Kemudian, dari segi potensi panas bumi, bisa dikatakan Indonesia merupakan salah satu negara di dunia yang memiliki potensi geothermal terbesar di dunia yakni 24.000 mega watt (MW). Jika potensi ini bisa dikembangkan, maka menurutnya akan banyak manfaat yang bisa dirasakan oleh masyarakat Indonesia.
"24.000 MW itu bisa menerangi sekitar 18,4 juta rumah, juga bisa mengurangi pemakaian bahan bakar minyak, dan tentu menghemat devisa, dalam satu tahun bisa menghemat devisa sekitar US$ 7,42 billion (miliar)," jelasnya.

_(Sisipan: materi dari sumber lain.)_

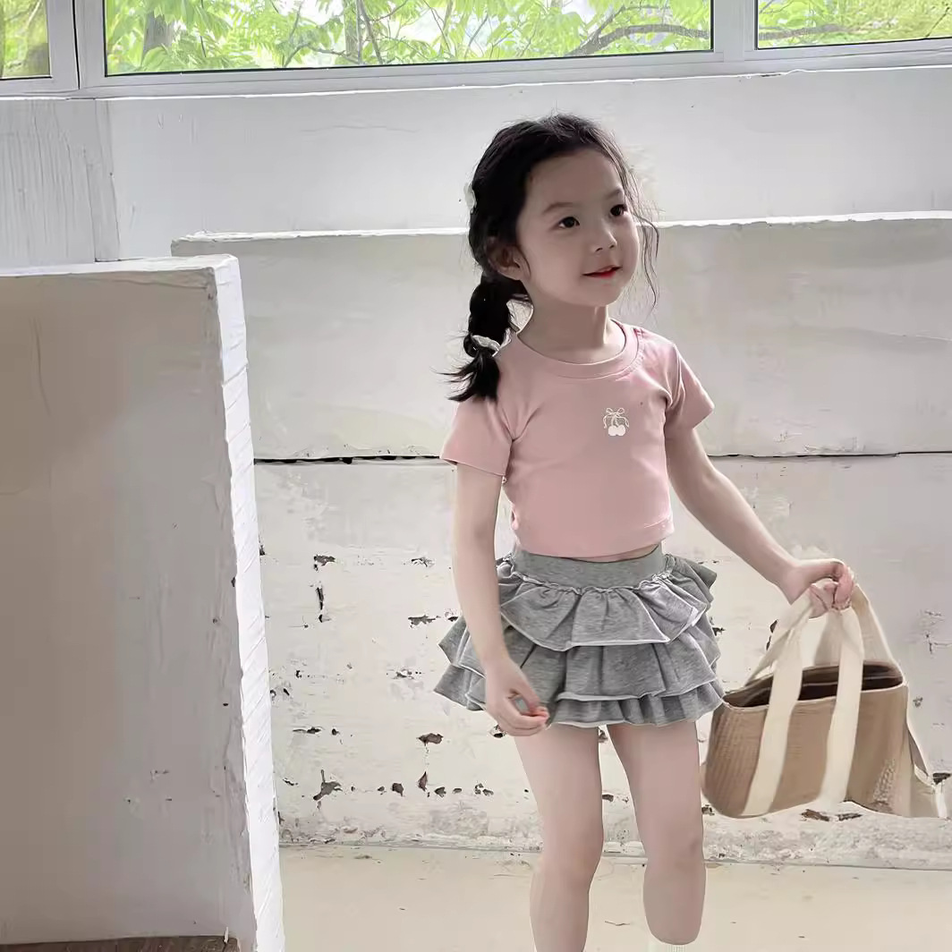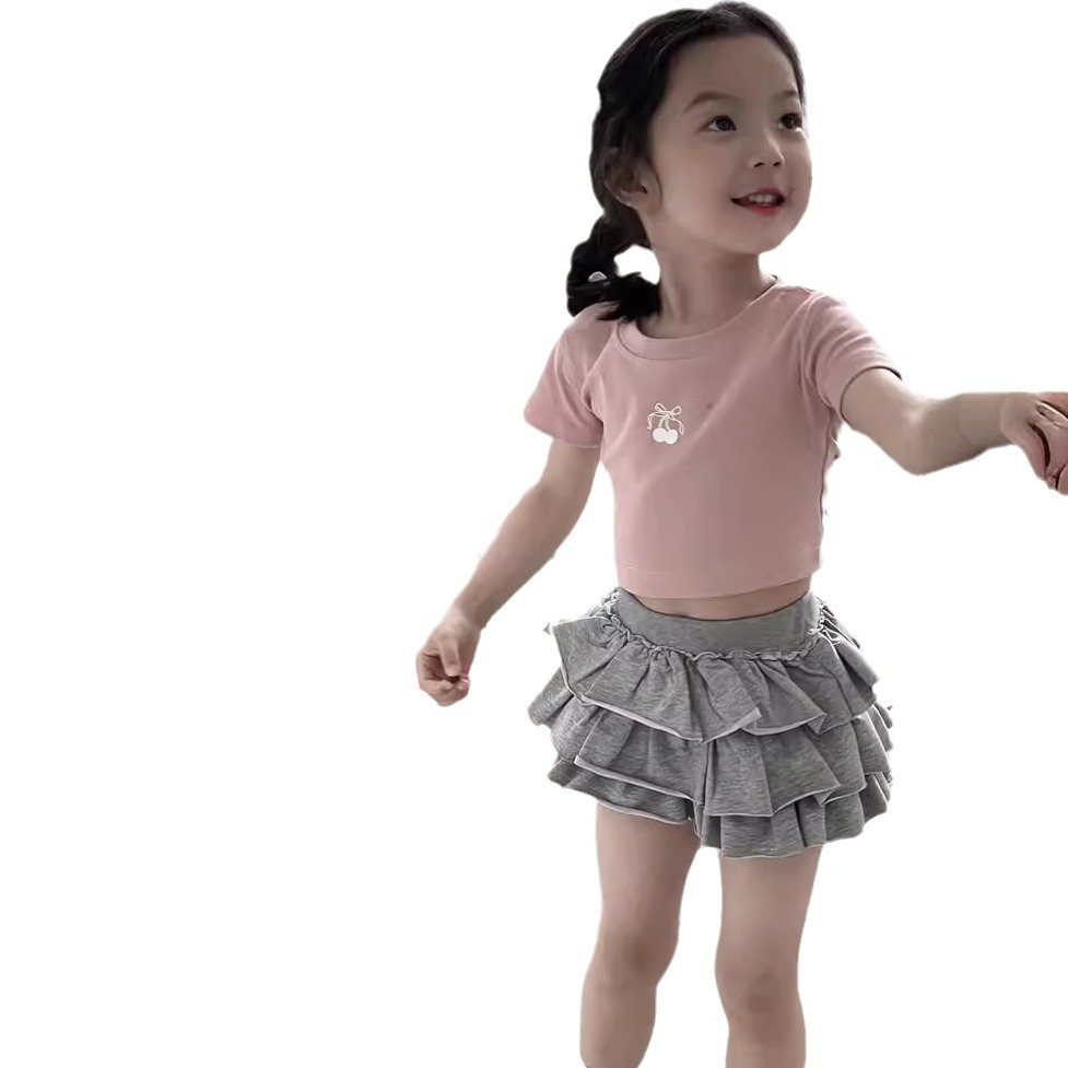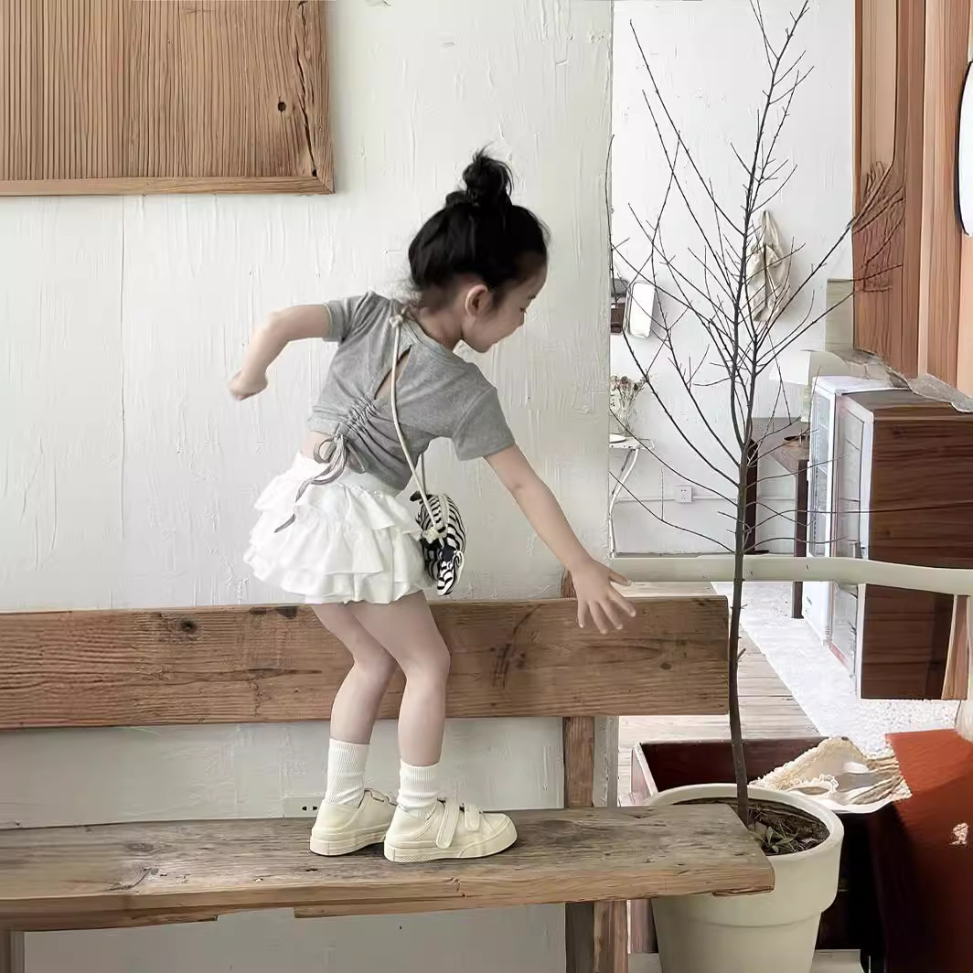 Yuyu Princess Girls' Cherry Backless T-shirt for Baby Girls Summer New Korean-style Drawstring Short Top

Mengenai penetapan tarif listrik berbasis EBT, termasuk panas bumi menurutnya juga masih menjadi perdebatan yang panjang. Menurutnya, Bank Dunia menyebut tarif geothermal di Indonesia idealnya double digit.
Tarif tinggi dibubuhkan karena menurutnya dipicu dari tantangan bisnis geothermal di Indonesia. Di antaranya yakni regulasi, meski sudah membaik, namun menurutnya belum secepat yang diharapkan karena membutuhkan banyak koordinasi. Lalu, keterbatasan infrastruktur, di mana lokasi geothermal ini kebanyakan berada di daerah pegunungan di atas 1.700 meter di atas permukaan laut (mdpl).
Kemudian masalah komersial yakni tarif, menurut Bank Dunia pada saat ini karena biaya masih tinggi dan risiko tinggi, maka membutuhkan tarif double digit.
"Banyak yang tidak punya infrastruktur, jembatan, jalan yang memadai, akibatnya biaya mengembangkan geothermal itu tinggi," ujarnya.